- [EXERCISE DIRECTIONS]:
Print all of the data exactly, but drop the pictures.

- [GIVEN MATERIAL]:
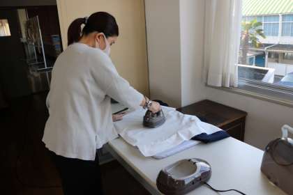 本日15時より、PTA生活安全部の皆様に、「PTA制服リユース活動」の仕分け作業をしていただきました。小さなほこりを取り除き、アイロンがけをして、サイズ別に仕分けをしていただきました。
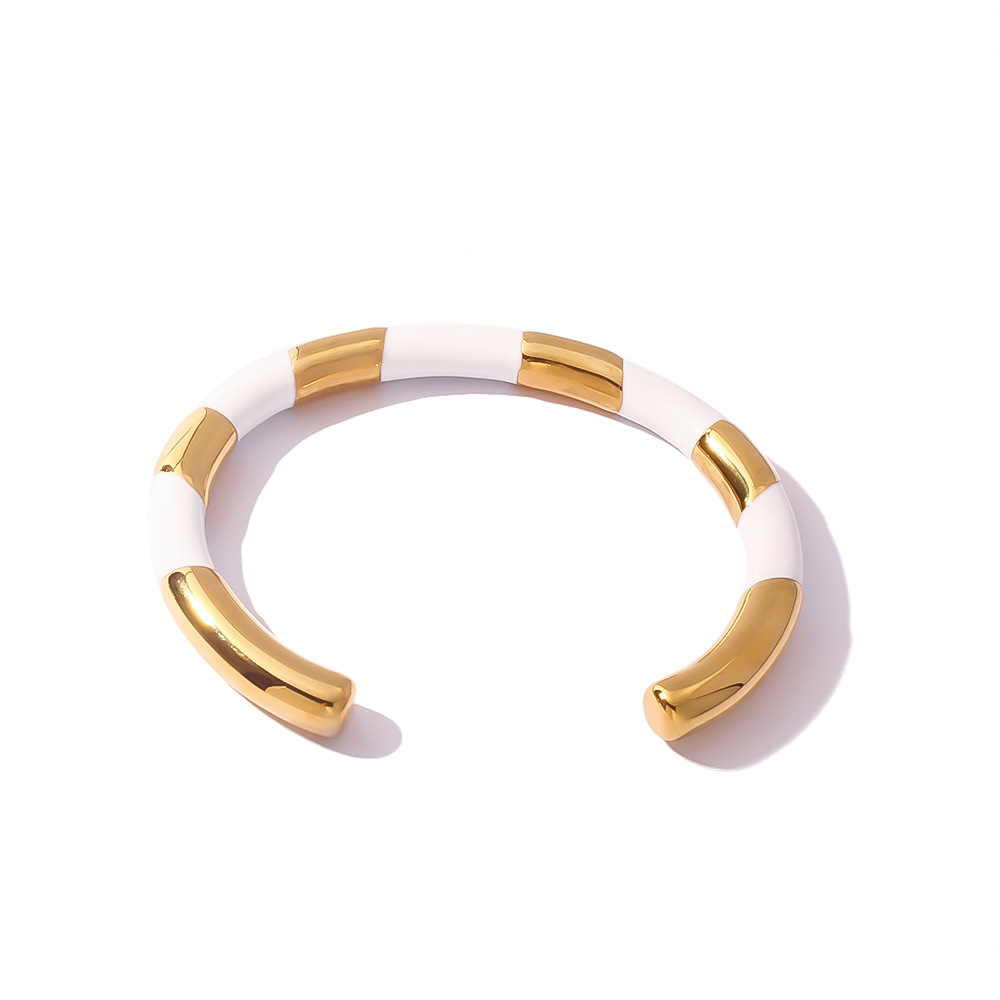 Lujo ligero, temperamento de alta calidad, pulsera de acero de titanio, apertura, diseño de nicho, sentido de alta calidad, joyería de aceite de gota de oro en blanco y negro
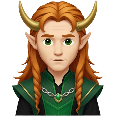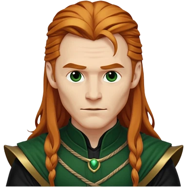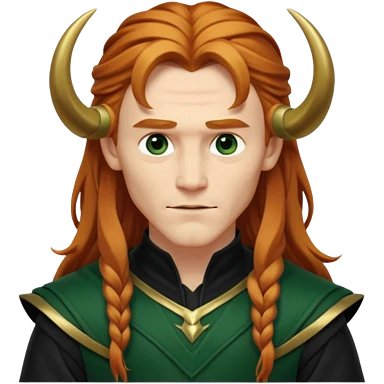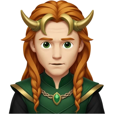 Loki, Mischief God from Norse Mythology with long reddish blonde hair, dark green and black outfit emoji

- [EXERCISE RESPONSE]:
 本日15時より、PTA生活安全部の皆様に、「PTA制服リユース活動」の仕分け作業をしていただきました。小さなほこりを取り除き、アイロンがけをして、サイズ別に仕分けをしていただきました。
 Lujo ligero, temperamento de alta calidad, pulsera de acero de titanio, apertura, diseño de nicho, sentido de alta calidad, joyería de aceite de gota de oro en blanco y negro
 Loki, Mischief God from Norse Mythology with long reddish blonde hair, dark green and black outfit emoji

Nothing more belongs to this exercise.